I agree that 'geofft is making very clear from the outset that the quote is
being used to illustrate the tactics only, that no parallel is to be drawn
with respect to anti-Semites. I also know that I sometimes accidently miss
points when reading someone’s comment, particularly when they’re discussing
another side of the topic under discussion. Gotta fight against my tribal
bias, and understand that others may be trying–and sometimes failing—to do the
same.

Here’s how I view the discussion between 'geofft and 'piotrjurkiewicz.

\- 'geofft makes a point, illustrated with a quote by Satre describing a
rhetorical tactic of anti-Semites.

\- 'piotrjurkiewicz behaves exactly as Satre describes.

\- 'pjc50 falls for the rhetorical tactic Satre describes.

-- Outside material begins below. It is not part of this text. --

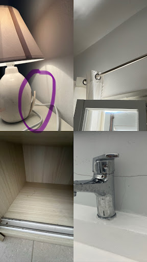 Το δωμάτιο ήταν παλιό, κάτι που δεν θα με ενοχλούσε αν ήταν καθαρό και λειτουργικό — όμως δεν ήταν. Υπήρχαν εμφανή σημάδια φθοράς και αμέλειας: – Το μπάνιο είχε κιτρινίλες και γενικά δεν ήταν καθαρό. – Το στρώμα ήταν πολύ παλιό και άβολο. – Τα κουρτινόξυλα έπεφταν, τα κρεμαστράκια στο μπαλκόνι ήταν χαλασμένα και τα πόμολα σκουριασμένα. – Οι πόρτες δεν έκλειναν σωστά, βίδες έλειπαν από το πόμολο που κλειδώνεις, με μεγάλα κενά από κάτω στην πόρτα και χωρίς ηχομόνωση. – Ζήτησα χλωρίνη για την τουαλέτα, γιατί ήταν βρώμικη. Τρίχες παντού και κουνούπια στους τοίχους σκοτωμένα.

\- 'geofft points this out

\- I argue that by choosing different words to make the same point Satre does
might defend 'geofft from the tactic.

From my point of view, 'piotrjurkiewicz is being either uncharitable, or
misreading 'geofft by accident or ignorance, most likely the first. I could
point this out, but if 'piotrjurkiewicz is arguing uncharitably, it isn’t
going to make a difference, and most likely antagonize them, effectively
feeding the troll. I see 'geofft as an honest, good faith interlocuter, so
it’s more worth my time to engage with 'geofft. I’ll learn regardless, that
something about my assessment about 'geofft or the discussion was mistaken—the
latter appearing increasingly likely.

You’re implying that regardless of the words 'geofft uses, 'piotrjurkiewicz is
going to uncharitably interpret them, correct? Which does again parallel the
point of the Sartre quote. I can see how your assessment that I might be
falling for this is accurate, and I do purposefully leave myself open to that
to some extent, at least until I see that that’s the case (I hope). By
choosing words that are less likely to distract from the point I’m trying to
make, hopefully I can make that assessment more quickly, by pushing them to
the point where “they will abruptly fall silent”, giving them the least amount
of room to maneuver and play.

I can also see how this can be folly. Looking up where this quote is taken
from (“Anti-Semite and Jew”), I also find this quote: “The rational man groans
as he gropes for the truth; he knows that his reasoning is no more than
tentative, that other considerations may supervene to cast doubt on it.” I
understand that viscerally.

My head’s spinning a little bit, having a discussion about discussion tactics
about discussion tactics—have I incepted enough? Maybe Sartre was trolling? ;)

Thank you for pushing me on this. I’m learning, er, groaning a lot.